Vettel announced prior to last month’s Hungarian Grand Prix that he would retire at the end of this season, ending a 15-year career racing in the series.

Vettel linked up with Horner when he was promoted to the Red Bull team in 2009 after a stint at its sister outfit Toro Rosso, and thus began one of the most successful partnerships in F1 history.

After finishing runner-up to Jenson Button in his first year at the team, Vettel went on a run of four consecutive drivers’ championships between 2010 and 2013.

While a difficult final year at Red Bull saw him leave for Ferrari in 2015, Vettel retains a good relationship with his former Red Bull colleagues – with Horner opening up on his former drivers impending retirement.

“He was a pleasure for us to have in our team,” said Horner, as quoted by Motorsport.com. “We achieved some great things together. I think having just watched him grow from a boy into a young man, he’s a very principled guy. He has very strong beliefs.

“We’ve seen that in the latter stages of his career, as he’s very much standing up for things that he feels passionate about, and rightly so. His family is important to him. He’s a very private man. So pleased to see he’s become an Instagrammer recently!

“And while his F1 career comes to an end, he’s got a lot that I’m sure he wants to do in his life. And I’m sure he’s going to go on and do some great things. It’ll be sad not to see him around. But I think the timing is right for him.

“It’s not nice to see him running around in the middle of the field, he doesn’t deserve to be there. And I think the time is right for him to say, ‘Now’s the time for me to call time on F1’.”

Aside from four straight titles, Vettel won 37 races for Red Bull during his six seasons with the team, showing a tremendous attitude and commitment on and off the track according to Horner.

“I think the thing that stood out about Seb, was from the very beginning, you could see he was a very focused young man, and his work ethic was totally Germanic,” he said.

“He worked hard, he worked late, and he had a great sense of humour, so fitting into a British team, he embraced the culture immediately.

“He endeared himself across all areas of the business, whether he was turning up with chocolates for secretaries or learning the lingo in the garage – his command of cockney slang became legendary.

“He was formidable in the cars that we produced in that period of time. They were halcyon days in F1 – massive competitors, big teams that we were up against, and some outstanding successes.

“He, at that stage, was very focused on achieving not just success, but achieving and going for records. They meant a lot to him.”

Reflecting on those championship-winning years, Horner felt Vettel became a better driver over his spell at the Milton Keynes-based team, citing 2013 – when he won nine races on the bounce – as his “pinnacle year”.
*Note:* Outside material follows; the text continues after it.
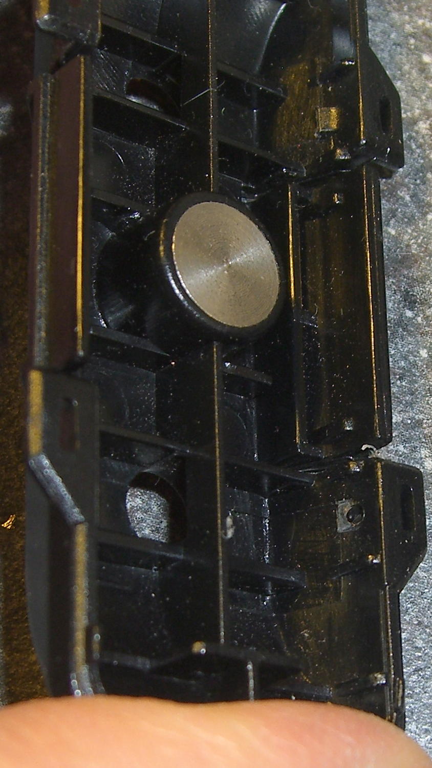 Surprisingly, the round head of a brass 0-80 machine screw fits neatly inside the square socket on the frame; they’re a bit more than 1 mm deep. The approach ramps visible below the sockets guide the latches on the base:

“He just got better and better,” said Horner. “I mean, in 2009, we were a young team, as well as him. And we made a few mistakes. In ‘10, he was the standout driver that year, had a lot of unreliability, and against the odds won the championship at the end of the year.

“In ’11, he built on that. ’12 was a super tough year. He’d only won one race before we left Europe. And then won, I think, four on the bounce to go head-to-head with Fernando [Alonso] in that final race in Brazil.

“By the time we got to ’13, he just absolutely dominated, and then nine victories in succession that he achieved, that was that for me was his pinnacle year. He brought everything together and was just truly outstanding that year.”